We come now as to what is the test of criminality in a libel indictment or presentment. "The test", says Newell, "seems to be that, in all cases where a party, in order to maintain a civil action, must show special damages in order to recover, no indictment can be sustained, because, as it is said in such cases, a suit for damages offers an adequate remedy." Newell, Slander and Libel, 4th Ed., Section 807, page 916. In other words the language used must be libelous per se, as is used in our civil cases with the qualifications hereinabove stated as to criminal libel. The landmark case, of course, in this State on civil libel is Fry v. McCord, 95 Tenn. 678, 33 S.W. 568.

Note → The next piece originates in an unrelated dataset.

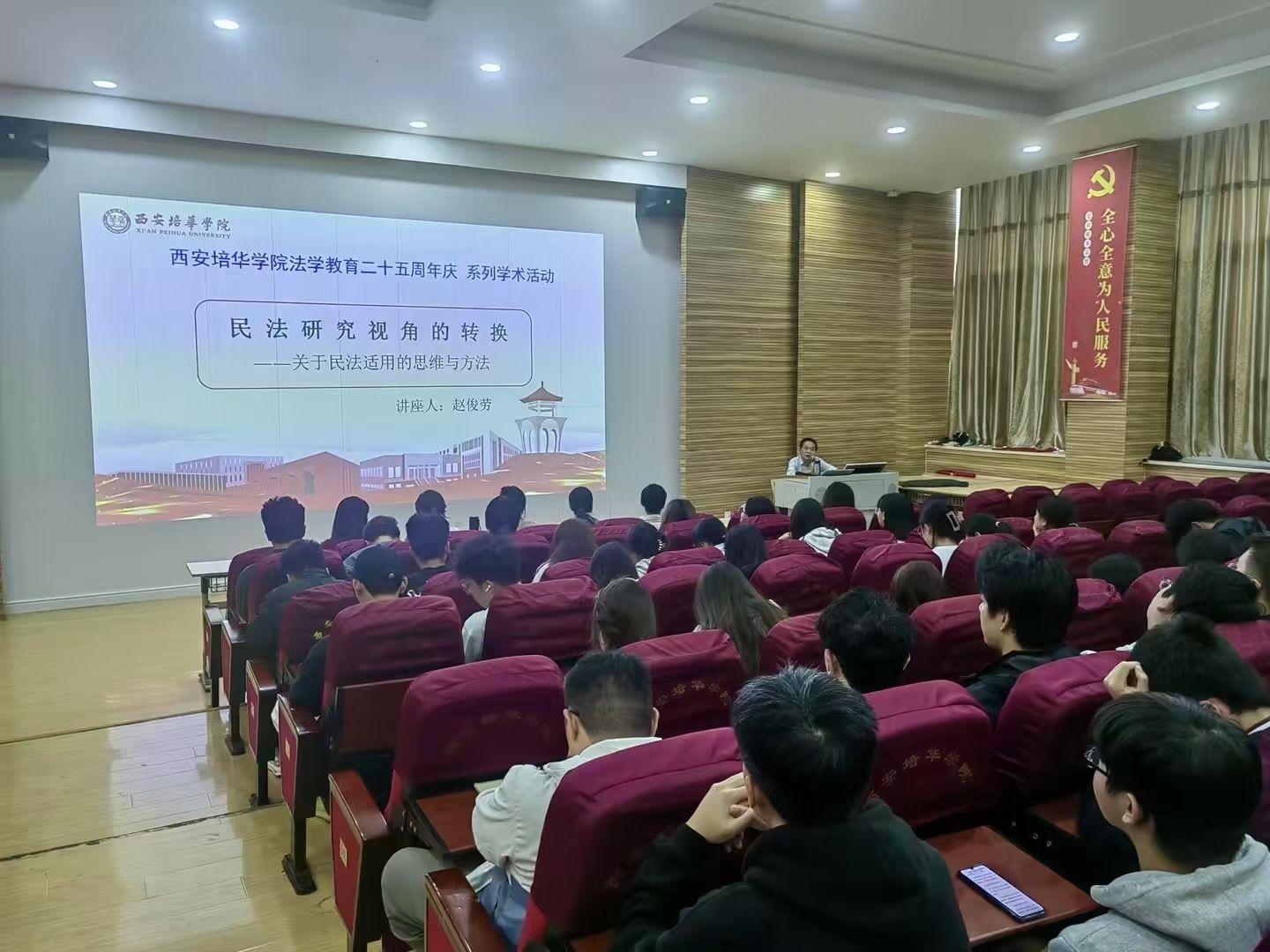 为进一步加强法学教育,提升学生法学思维与能力,西安培华学院法学院于2024年10月18日(周五)14:30,在格物楼J01教室成功举办了一场以《民法研究视角的转换:关于民法适用的思维与方法》为主题的学术讲座,由法学院赵俊劳教授主讲。讲座吸引了法学院众多教师和大一、大二学生的积极参与。
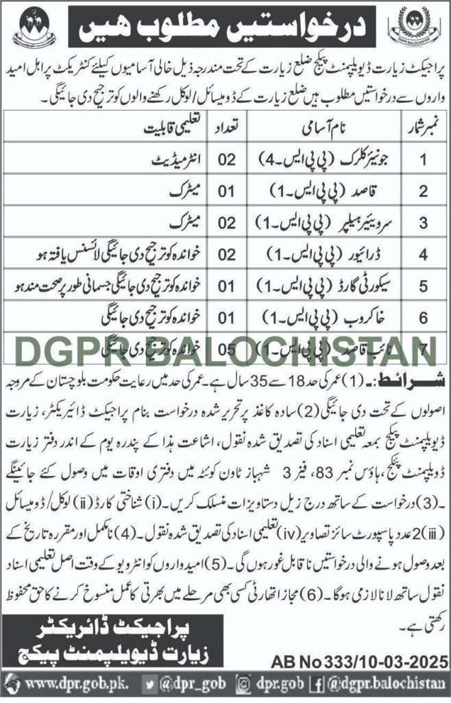 Applications Invited: Temporary Vacancies under Ziarat Development Package, District Ziarat

In reading the texts and various authorities on criminal libel we find that where the libelous language is such that the administration of public justice is questioned in such a way as to injure or hurt the administration of it, that the language thus used is a criminal libel. When the language tends in any way to injure the administration of government or public justice the courts as a rule have considered it libelous because public confidence in the courts is a matter of paramount necessity to the government. Any attack upon the courts or its judges or those having a part in the machinery of the administration of justice is dangerous and some authorities have said that it is almost as dangerous as an attack upon the government when it does attack the administration of justice or the officers administering it for the same reason that renders a seditious libel indictable.
Here in the instant case we have a charge made not in the heat of argument in a trial but by letter sent to a newspaper and published in the newspaper charging that the District Attorney General is conducting his investigations under "Hitler-like tactics". All of us, who were living and have been able to read and understand the communicative word since the advent of Hitler and World War II, and especially now at the present time under the trial that is being conducted of one of Hitler's Lieutenants, understand what the term "Hitler-like tactics" implies. This term when applied to an ordinary citizen or to a lawyer, as it was in Schy v. Hearst Pub. Co., 7 Cir., 205 F.2d 750, might not be libelous, but when the term is applied to a District Attorney General in the conduct of his office it implies far more, because the application of the term is not to the individual as an individual but to his acts in the way in which he is conducting his office. When we apply this term to a District Attorney General, who is a quasi-judicial officer representing the State, and who is presumed to act impartially and in the interest of justice, it clearly infers that this officer in his acts is guilty of official oppression. In Black's Law Dictionary the word "oppression", as thus above used, is defined as follows:
"The misdemeanor committed by a public officer, who under color of his office, wrongfully inflicts upon any person any bodily harm, imprisonment, or other injury. * * * An act of cruelty, severity, unlawful exaction, or excessive use of authority." (Authorities for this statement by Mr. Black are given in the text.)
Thus we have concluded that by the use of this language against this officer that the language is libelous per se and therefore that the trial judge was in error in quashing the indictment. The result is that the case is reversed and remanded to the trial court for further action consistent with this opinion.